## Work to complete
Look through the data below for the line with "Signed book: Magnificent" and the line with "Auf den ersten", then transcribe exactly from the first through the second, leaving out all pictures.

Source records:
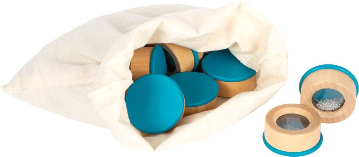 Cilj te senzorične igre je prepoznavanje, poimenovanje in povezovanje v pare ustreznih valjev na podlagi poslušanja njihovih zvokov. 16 lesenih škatlic je napolnjenih z različnimi materiali, npr.: lesenimi kroglicami, kovinskimi kroglicami ali plastičnimi biseri, ki ob tresenju oddajajo različne zvoke. Zaradi prozornih oken na spodnji strani posod lahko preverite njihovo vsebino. Igra je namenjena 1-4 igralcem. Po koncu igre lahko lesene škatlice shranite v praktično bombažno vrečko.
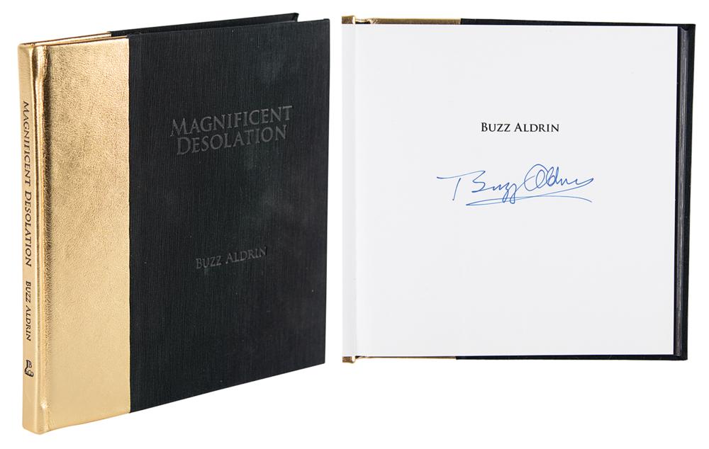 Signed book: Magnificent Desolation: Images from the Apollo 11 Lunar Mission with the Words of Astronaut Buzz Aldrin. First edition, limited issue, letter H of 26 specially bound copies. Reno, NV: Jack Bacon & Company, 2009. Hardcover, 8.25 x 8.25. Signed on the author's prefatory page in blue felt tip, "Buzz Aldrin." In very fine condition. An extraordinary collection of more than 50 photographs from the historic Apollo 11 mission interspersed with the words of Aldrin, this volume was privately printed and differs from Aldrin's similarly titled autobiography.
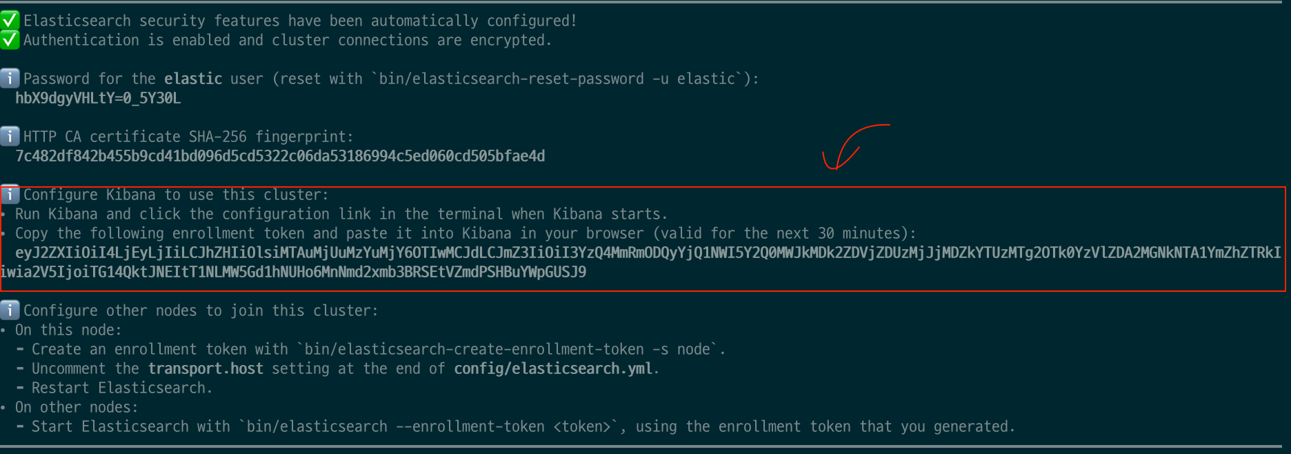 es를 실행했을 때 로그에 출력됐던 토큰을 입력해줍니다.
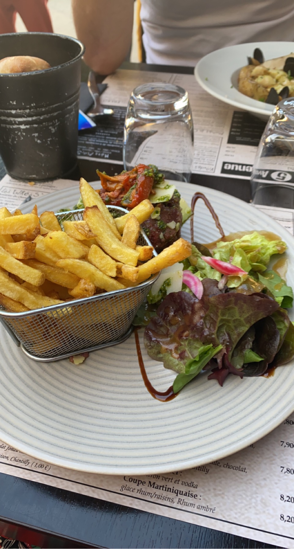Des pommes allumettes ne sont pas des pommes frites ! Servies trop cuites, d'une couleur marron prononcée alors que la table d'à côté, elles étaient presque jaunes Quant au Tartare , rien ne va , taille de coupe de la viande trop grosse (pourtant au hachoir réfrigéré) et préparation trop huilée et sans épices. Dommage , la viande paraissait bonne ..... Heureusement, la demoiselle et le jeune homme étaient charmants !
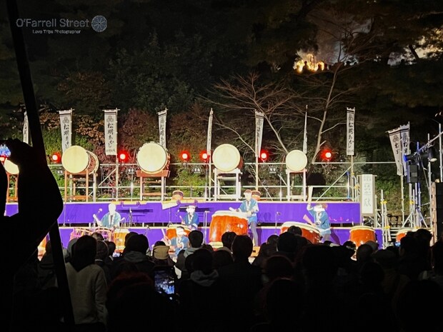 18時を過ぎると五老山の麓で松明太鼓の演奏も始まり、松明点火に向けて雰囲気が一気に盛り上がってまいります。18時半を過ぎると二階堂神社から奉受された御神火(ごじんか)が、順次松明に点火されてゆきます。
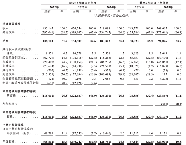 2022年、2023年、2024年和2025年上半年(下称报告期),安诺优达营收分别为4.35亿元、 4.75亿元、5.18亿元和2.69亿元(人民币,下同);毛利分别为1.38亿元、1.55亿元、1.83亿元和0.91亿元;毛利率分别为31.7%、32.6%、35.4%和33.9%;年度亏损分别为0.67亿元、2.4亿元、1.26亿元和0.29亿元,年内亏损率分别为15.4%、50.6%、24.3%和10.8% 。
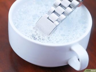 Auf den ersten Blick erfordert ein Metallarmband keine Aufmerksamkeit. Aber Kontakt mit Staub und Salz aus Schweiß kann zu Korrosion führen... In diesem Fall können Sie nicht nur das Aussehen der Sache verlieren, sondern auch Allergien ausgesetzt sein. Um dieses Szenario zu vermeiden, ist es notwendig, das Armband jeden Monat mit einer Zahnbürste und warmem Seifenwasser abzuwischen. Es ist auch notwendig, die Uhr an einem Ort mit guter Belüftung aufzubewahren.
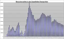 Seit 1914 haben über 18 Millionen Menschen (Stand: 2016) das Bergwerk besichtigt; darunter bekannte Persönlichkeiten. Der damalige Reichspräsident Friedrich Ebert besichtigte die Feengrotten am 18. August 1919. Die Saalfelder Feengrotten werden jedes Jahr von ungefähr 160.000 Touristen besucht und sind damit die zweithäufigste besuchte deutsche Schauhöhle nach der Atta-Höhle.[Anmerkung 1]
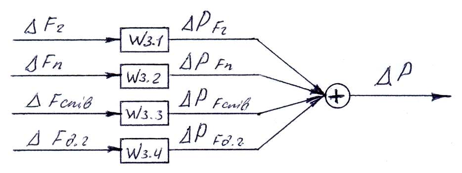 Рис. 1.5. Структурна схема по каналу регулювання тиску На співвідношення «паливо-повітря» впливають параметри: витрата повітря та газу, температура в печі. Враховуючи функцію передачі по кожному каналу, отримуємо рисунок 1.6.

## Solution for this problem
 Signed book: Magnificent Desolation: Images from the Apollo 11 Lunar Mission with the Words of Astronaut Buzz Aldrin. First edition, limited issue, letter H of 26 specially bound copies. Reno, NV: Jack Bacon & Company, 2009. Hardcover, 8.25 x 8.25. Signed on the author's prefatory page in blue felt tip, "Buzz Aldrin." In very fine condition. An extraordinary collection of more than 50 photographs from the historic Apollo 11 mission interspersed with the words of Aldrin, this volume was privately printed and differs from Aldrin's similarly titled autobiography.
 es를 실행했을 때 로그에 출력됐던 토큰을 입력해줍니다.
Des pommes allumettes ne sont pas des pommes frites ! Servies trop cuites, d'une couleur marron prononcée alors que la table d'à côté, elles étaient presque jaunes Quant au Tartare , rien ne va , taille de coupe de la viande trop grosse (pourtant au hachoir réfrigéré) et préparation trop huilée et sans épices. Dommage , la viande paraissait bonne ..... Heureusement, la demoiselle et le jeune homme étaient charmants !
 18時を過ぎると五老山の麓で松明太鼓の演奏も始まり、松明点火に向けて雰囲気が一気に盛り上がってまいります。18時半を過ぎると二階堂神社から奉受された御神火(ごじんか)が、順次松明に点火されてゆきます。
 2022年、2023年、2024年和2025年上半年(下称报告期),安诺优达营收分别为4.35亿元、 4.75亿元、5.18亿元和2.69亿元(人民币,下同);毛利分别为1.38亿元、1.55亿元、1.83亿元和0.91亿元;毛利率分别为31.7%、32.6%、35.4%和33.9%;年度亏损分别为0.67亿元、2.4亿元、1.26亿元和0.29亿元,年内亏损率分别为15.4%、50.6%、24.3%和10.8% 。
 Auf den ersten Blick erfordert ein Metallarmband keine Aufmerksamkeit. Aber Kontakt mit Staub und Salz aus Schweiß kann zu Korrosion führen... In diesem Fall können Sie nicht nur das Aussehen der Sache verlieren, sondern auch Allergien ausgesetzt sein. Um dieses Szenario zu vermeiden, ist es notwendig, das Armband jeden Monat mit einer Zahnbürste und warmem Seifenwasser abzuwischen. Es ist auch notwendig, die Uhr an einem Ort mit guter Belüftung aufzubewahren.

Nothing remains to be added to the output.